Видя, как чистые струи, извиваясь, текут на поверхности болота, Костров вдруг почувствовал неодолимую жажду: сухо почмокал губами, огляделся вокруг и увидел Бусыгина, разгребающего руками тину.

– Иди–ка сюда, Степа, тут вода питьевая.

– Ее и здесь полно, – не оборачиваясь, ответил Бусыгин. – Уже нахлебался по самые ноздри!

Алексей нагнулся, разгреб плавающую поверху ряску и, черпая воду пригоршнями, стал пить большими глотками. Вода была ржавая, тухлая, но Костров, напившись, крякнул от удовольствия, вытер мокрую щетину на верхней губе, подбородке и щеках и начал соображать, как ему пробираться дальше.

Залезть прямо в воду и двигаться, разгребая руками жижу, нельзя топко, увязнешь да и не устоишь долго в ледяной воде, окоченеешь. Придется прыгать с кочки на кочку. Рослым легко удается этот прием, а каково ему, Алексею, с натруженной, хрупающей в колене ногой? Он тоже цепляется за кочку, опирается костылем, шагает через силу, но кочка дрожит, клонится набок, и Алексей погружается в трясину. Делает суматошный рывок, пытается схватиться за ближнее деревцо. Какой обман! От малейшего прикосновения деревцо валится как подрубленное, притронется к другому, более крупному, тоже падает. Что за чертовщина, почему они такие хилые? Оказывается, и для росших тут молодых осинок болото уготовило гибель – попрели на корню, умерли осинки рано, не успев даже пережить свою молодость.

Неужели и ему, Алексею, болото грозит погибелью? Недаром оно с такой издевкой расставило на его пути то трясучие, не выдерживающие худого тела кочки, то вот эти осинки, на которых кора – он только сейчас, стоя по колено в воде, заметил – шелушится, а местами совсем облезла, оголив ткань умершего дерева. И минуты не прошло, а Костров увяз уже по пояс, промедлишь – и уйдешь с головой. Он изо всех сил напрягался, подаваясь всем телом вперед, потом хватался за осоку, за проросшую корнями кочку и все же выбрался из трясины. Руки в порезах – кровь проступила на пальцах и ладонях. В другой бы раз не обратил внимания, а сейчас, когда совсем изнемогло тело, на лице нащупываешь только кости, обтянутые кожей, до чего же дорога каждая капля крови, и ужасно подумать, что ее не остановить… Да и как уймешь? Отсосать, наложить на место пореза листок травы, но для этого нужно время, а ему некогда, надо пробираться дальше.

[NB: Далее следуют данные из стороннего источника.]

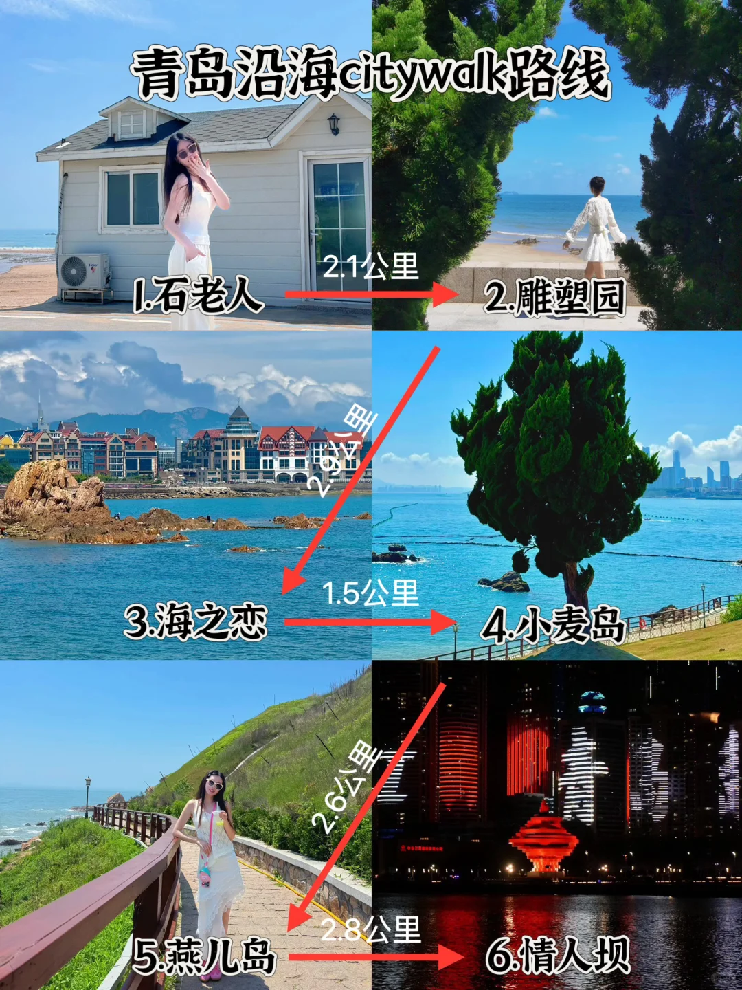 立秋后的青岛尊嘟美的next level了 想看蓝蓝的大海到底怎么玩❓ 一定不要错过这条神仙沿海citywalk路线🌊 手把手教你拍出人生照片📷 - 🌟【青岛必打卡沿海citywalk路线】 石老人➠雕塑园➠海之恋➠小麦岛➠燕儿岛 ➠情人坝 - 📍【游玩攻略】 1️⃣石老人 ❶看橘子海日出:5点半抵达(具体看天气预报) ❷拍网红山洞:导航大邦足球俱乐部 穿过停车场 台阶下去后左拐走至礁石区 再绕到礁石后 共3个山洞 要注意退潮才🉑去 ❸拍白房子:导航浩运海鲜大排档 JJ同款很韩 ⇩ 2️⃣雕塑园 ❶拍松柏迷宫:导航东海东路海龙路(公交站) 下去 松柏尽头就是大海 ❷拍爱心石子路:面对雕塑馆往左走 人少很出片 ❸也可看日出哦!比石老人人少 ⇩ 3️⃣海之恋park ❶拍狗尾草坪:导航花神海 在狗尾草中随意拍都出片 ❷拍彩色房子和白色灯塔 坐在公园长椅看海也很惬意 ❸沿着海岸线🉑步行至小麦岛 ⇩ 4️⃣小麦岛 ❶拍孤独的树:上岛沿中间路上坡 右拐一直走 ❷拍石头围栏:在厕所对面 ❸拍五棵树:在中间两棵树后草坪 但草有点秃 需后期 ❹拍各种通往大海的石子小路 ⇩ 5️⃣燕儿岛 ❶拍网红山洞:导航燕儿岛驿站 下至海边左拐到头 记得开广角 ❷拍海边爱心草坪:导航心屿咖啡 还有好多机位 ❸拍济州岛木栈道:导航侨园新村 从心屿咖啡下木栈道一直往前走就到了 ❹拍漫画山洞:导航燕儿山网红洞 在隧道中间 ⇩ 6️⃣情人坝 ❶看灯光秀:除周一每晚19:40至21:00循环播放 ❷白色灯塔也是浪漫的打卡地 - 🔍【小tips】 ❶玩这条路线包里要放一些🍪噢 随时补充能量 这次我就带了宝藏零食「米多奇烤馍片」方便携带又好吃 而且还是非油炸的 个人比较喜欢孜然和原味的 酥脆酥脆的 玩累了在草坪上休息一下 炫上两包烤馍 太满足啦✌️ ❷记得带充电宝!墨镜!注意防晒哦 - 🏩【住宿】 五四广场地铁口附近 🚗【交通】 全程打滴或公交317 比较方便 🍜【美食】 附近万象城或台东夜市吃小吃

Кочки все реже, а воды все больше. Тело, ноги, как обручем, сковала ледяная вода. Впрочем, Алексей уже совсем не чувствует ног, особенно правой: болит ли она или отнялась – он этого не ощущает. Весь остаток энергии в руках, в измученном теле он собрал для последнего усилия и, разгребая вязкое месиво, ползет. Он уже не надеется выбраться из этого дьявольского омута, зовет кого–то на помощь. К нему спешат Бусыгин, другие бойцы, кидают в руки повод, связанный из поясных ремней, и с силой вытягивают его из трясины.

Неизвестно, сколько ушло времени на борьбу с болотом, но стылое вечернее небо уже померкло. Вышли на берег. Вода ручьями сбегает с почерневших гимнастерок, сползает илистая грязь. А брюки пузырятся, как наполненные брезентовые ведра, и чтобы избавиться от воды, бойцы разуваются, снимают штаны. Мучает холод, вгоняет в дрожь, пробирает до костей ветер. Надо бы обсушиться, иначе свалит простуда.

С километр шли они лесом – действительно, какой на этой стороне густой, девственный лес! В глубине, на прогалине увидели деревянное строение. Похоже, дом лесника.

Подошли без всякого опасения, хотя не следовало слишком забываться и тешить себя, что вблизи теплый, приютливый очаг. К тому же через лес крадется к домику, петляя меж деревьев, дорога, исслеженная тележными колесами и копытами. Кто может ручаться, что опасность миновала и немецкая охрана не забредет сюда, доверяясь безошибочному чутью овчарок? Но если только пугать себя опасностью, ждать ее со смертной тоской, как же тогда ходить по земле? Не лучше ли поступить проще: выпала скупая удачная минута – не плошай, выжми хоть мокрые портянки, посушись у печки.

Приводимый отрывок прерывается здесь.